Now we will define the architecture of our Convolutional Neural Network (CNN).  You will be building a sequential model using Keras layers.

**Instructions:**

1.  **Carefully examine the code in the cell below.** Notice the structure of the `keras.Sequential` model.
2.  **Fill in the missing parts** marked with `# Students: Fill in the blanks` to complete the model definition.
3.  **Experiment!** You are encouraged to try different configurations for the layers, such as changing the number of filters in the convolutional layers, or adding more layers.

In [3]:
## Cell 3: Data Augmentation
# -------------------------------
# Set up data augmentation to expand the training dataset
datagen = keras.preprocessing.image.ImageDataGenerator(
    rotation_range=10,         # Rotate images up to 10 degrees
    zoom_range=0.1,            # Zoom images up to 10%
    width_shift_range=0.1,     # Shift images horizontally by 10%
    height_shift_range=0.1     # Shift images vertically by 10%
)
datagen.fit(x_train)

# Model Definition

model = keras.Sequential([
    keras.Input(shape=(28, 28, 1)),  # Input layer for 28x28 grayscale images

    # First Convolutional Block
    layers.Conv2D(32, kernel_size=(3, 3), activation='relu', padding='same'),
    layers.MaxPooling2D(pool_size=(2, 2)),

    # Second Convolutional Block
    layers.Conv2D(64, kernel_size=(3, 3), activation='relu', padding='same'),
    layers.MaxPooling2D(pool_size=(2, 2)),

    # Third Convolutional Block
    layers.Conv2D(128, kernel_size=(3, 3), activation='relu', padding='same'),
    layers.MaxPooling2D(pool_size=(2, 2)),

    # Flatten the output and add Dense layers
    layers.Flatten(),
    layers.Dropout(0.5),
    layers.Dense(128, activation='relu'),
    layers.Dense(num_classes, activation='softmax')
])

**Explanation of Layers:**

*   **`keras.Input(shape=(28, 28, 1))`:** This is the input layer of our model.

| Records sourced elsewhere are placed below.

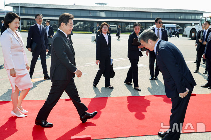 [도쿄=뉴시스] 고범준 기자 = 일본 방문 일정을 마친 이재명 대통령과 김혜경 여사가 23일 도쿄 하네다공항에서 미국 워싱턴DC로 출발하기 위해 공군 1호기로 향하고 있다. 2025.08.24. [email protected]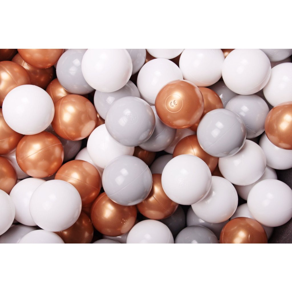 MeowBaby® SADA - certifikované plastové loptičky do suchého bazéna Ø7cm - biela, šedá, zlatá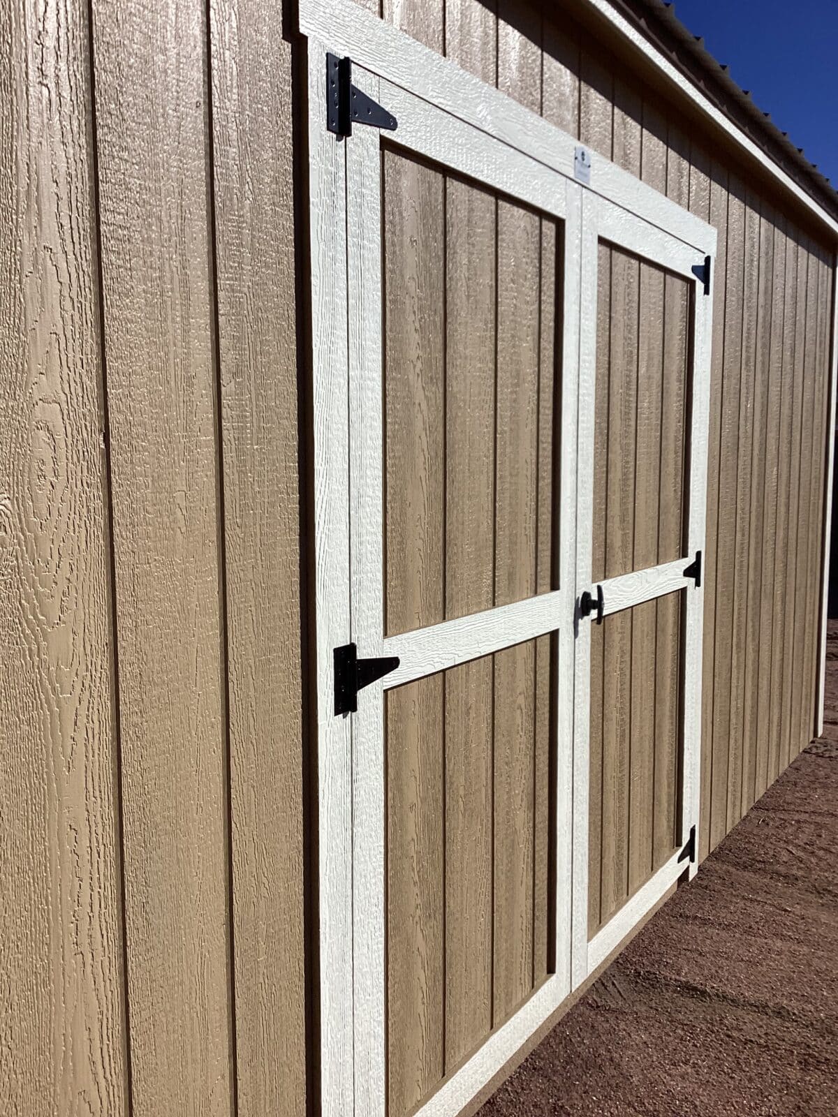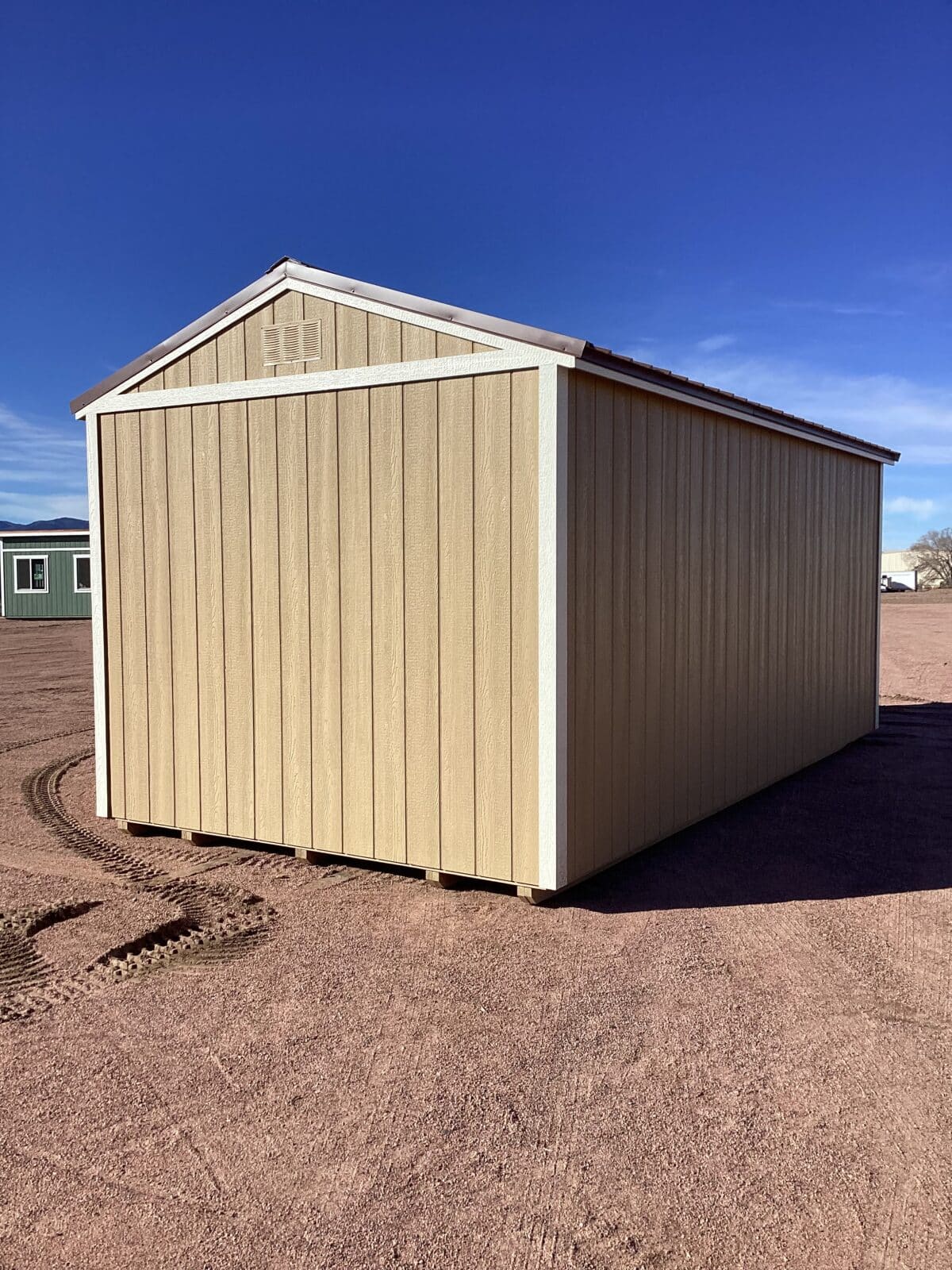 A spacious and versatile solution, our 10×20 Gable-Style Shed offers classic curb appeal and dependable functionality for any property. The wide 6′ double doors provide easy access for lawn equipment, tools, bikes, or larger storage needs, while the generous interior footprint gives you plenty of room to organize, work, or create. Built with durable craftsmanship and a timeless roofline, this shed delivers long-lasting value and a polished look that enhances your outdoor space. This shed is painted Sahara Tan with Dover White trim and a Koko Brown metal roof. Call in or stop by today!

It specifies the shape of the input images, which are 28x28 pixels with 1 channel (grayscale).
*   **`layers.Conv2D(32, kernel_size=(3, 3), activation="relu")`:** This is a 2D Convolutional layer.
    *   `32`: This is the number of filters (also called kernels). Each filter learns to detect specific features in the input image.
    *   `kernel_size=(3, 3)`: This defines the size of the convolutional filter as 3x3 pixels.
    *   `activation="relu"`:  ReLU (Rectified Linear Unit) is the activation function. It introduces non-linearity into the model, allowing it to learn complex patterns.
*   **`layers.MaxPooling2D(pool_size=(2, 2))`:** This is a Max Pooling layer.
    *   `pool_size=(2, 2)`:  It reduces the spatial dimensions of the feature maps by taking the maximum value within each 2x2 window. This helps to reduce the number of parameters, control overfitting, and make the model more robust to small shifts and distortions in the input.
*   **`layers.Flatten()`:** This layer flattens the 2D feature maps from the convolutional and pooling layers into a 1D vector. This is necessary to connect the convolutional part of the network to the fully connected (Dense) layers.
*   **`layers.Dropout(0.5)`:** This is a Dropout layer.
    *   `0.5`: This sets the dropout rate to 50%. During training, this layer randomly sets 50% of the input units to 0 at each update. This is a regularization technique that helps to prevent overfitting.
*   **`layers.Dense(num_classes, activation="softmax")`:** This is the output Dense (fully connected) layer.
    *   `num_classes`:  This is set to 10 because we have 10 classes (digits 0-9).
    *   `activation="softmax"`: Softmax activation ensures that the output values are probabilities, and they sum up to 1 across all classes.  The output will be a vector of 10 probabilities, where each probability represents the model's confidence that the input image belongs to that specific digit class.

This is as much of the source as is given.